Speculation about a potential sale of Souq.com to the US e-commerce firm had circulated for months, but the deal was thought to have floundered in January over the valuation.
Amazon deal for Souq.com is back on
Amazon’s interest in making an investment in regional online retailer Souq.com is back on. Speculation about a potential sale of Souq to the US ecommerce firm had circulated for months but the deal was thought to have floundered in January over the valuation.
Souq.com had been valued at US$1 billion in a $275 million funding round in February last year.
It is understood that a full acquisition of Souq.com by Amazon has now been agreed.
Both Amazon or Souq.com are yet to respond to requests for comment.
The Dubai company currently commands 78 per cent of all e-commerce traffic in the Mena region and with online purchases accounting for only 1 to 2 per cent of regional retail sales there is a huge opportunity for growth.
Souq.com offers 8.4 million products on its site, having recently begun selling books and groceries. Amazon offers an estimated 40 million products.
Smaller online regional players believe any deal with Amazon could be a pivotal moment for the region’s e-commerce ecosystem.
“This will expand the market penetration exponentially,” said Ulugbek Yuldashev, the founder of Awok.com, an online electronics retailer. “We have seen Asian e-commerce markets expand for all the players as Amazon moves into the geography. I do not see it as a threat because it has a different business model to ours. Our product lines and pricing are totally different. Amazon’s operational costs are huge compared to ours so we can offer better prices.”
Amazon’s likely move into the region sets up a battle of two online titans. Noon.com, the Mohamed Alabbar-backed $1bn shopping platform, missed its January launch date but promises a 20 million product portal when it arrives.
In the softening retail environment the region’s ecommerce sector has shown huge growth, with Souq.com selling 1.2 million products over the White Friday weekend last November, when many products are discounted.

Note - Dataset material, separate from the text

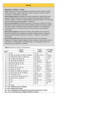 Mat Bus Niepołomice – Wieliczka – Kraków Trasa: Niepołomice, dworzec autobusowy, Niepołomice Rynek, Staniątki, Podłęże, Zakrzów, Ochmanów, Sułków, Mała Wieś, Zabawa, Wieliczka, Prokocim, Kraków ul. Wielicka, ul. Starowiślna, ul. Worcella Kursy oznaczone jako ca: Niepołomice, dworzec autobusowy, Niepołomice Rynek, Staniątki, Podłęże, Zakrzów, Ochmanów, Sułków, Mała Wieś, Zabawa, Wieliczka, Prokocim, Kraków ul. Wielicka, ul. Kamieńskiego, rondo Matecznego, ul. Konopnickiej, Aleje Trzech Wieszczów, plac Inwalidów, ul. Worcella Kursy oznaczone jako dia: Niepołomice, dworzec autobusowy, Niepołomice Rynek, Niepołomicka Strefa Inwestycyjna, Staniątki, Podłęże, Zakrzów, Ochmanów, Sułków, Mała Wieś, Zabawa, Wieliczka, Prokocim, Kraków ul. Wielicka, ul. Kamieńskiego, rondo Matecznego, ul. Konopnickiej, Aleje Trzech Wieszczów, plac Inwalidów, ul. Worcella Kursy oznaczone jako cw: Chobot Leśniczówka, Wola Zabierzowska, Zabierzów Bocheński, Wola Batorska, Niepołomice, Staniątki, Podłęże, Zakrzów, Ochmanów, Sułków, Mała Wieś, Zabawa, Wieliczka, Prokocim, ul. Wielicka, ul. Starowiślna, ul. Worcella Kursy oznaczone jako saw: Stanisławice, stacja PKP, Kłaj, Szarów, Dąbrowa, Niepołomice, Staniątki, Podłęże, Węgrzce Wielkie, Kokotów, Czarnochowice, Kraków ul. Wielicka, ul. Kamieńskiego, rondo Matecznego, ul. Konopnickiej, Aleje Trzech Wieszczów, plac Inwalidów, ul. Worcella Odjazd: Niepołomice Rynek (ul. Mickiewicza) pon-pt sobota nd i święta godz. minuty minuty minuty 4 31 46 31 51 51 5 01 05ca 16 16saw 31 32cw 41 56saw 11 22cw 31 51 21 42cw 6 01 11dia 07cw 30ca 31 42cw 46 31 42cw 11 42cw 7 01 16 30ca 31 41saw 46 01 21 51 11 41 8 01 16 27cw 36 41saw 56 11 22cw 41 21 9 01 07cw 16 25ca 31 46 11 31 52cw 02cw 31 10 00ca 01 16 26saw 31 46 21 41 01 31 11 01 16 31 46 01 21 51 02cw 31 12 01 07cw 16 31 35ca 46 21 32cw 51 01 31 13 01 12cw 16 31 46 21 37cw 51 02cw 36 14 01 06saw 16 16dia 31 35ca 46 11 31 51 11 42cw 15 01 12cw 15ca 16 31 46 56saw 21 51 11 51 16 01 16 16dia 31 46 12cw 21 41 12cw 31 17 01 11saw 12cw 16 20ca 31 46 01 21 37cw 01 32cw 18 01 12cw 16 31 41saw 46 01 31 01 21 19 01 16 01 22cw 41 01 32cw 51 20 31 46 11 51 21 42cw 21 16 12cw 16 22 06 11dia cw – kurs z Chobotu przez ul. Wielicką ca – kurs z Chobotu przez Aleje dia – kurs z Niepołomic przez Niepołomicką Strefę Inwestycyjną oraz Aleje saw – kurs ze Stanisławic przez Węgrzce Wielkie oraz Aleje

That sales figures was twice as many as were sold a year previously.
The looming presence of Amazon in the region underlines the potential of e-commerce.
Souq.com started in 2005 as an internet auction site linked to the Arabic-language portal Maktoob. It changed tack in 2011 to become a retailer and marketplace for third-party vendors. Today 60 per cent of its business is through third-party vendors.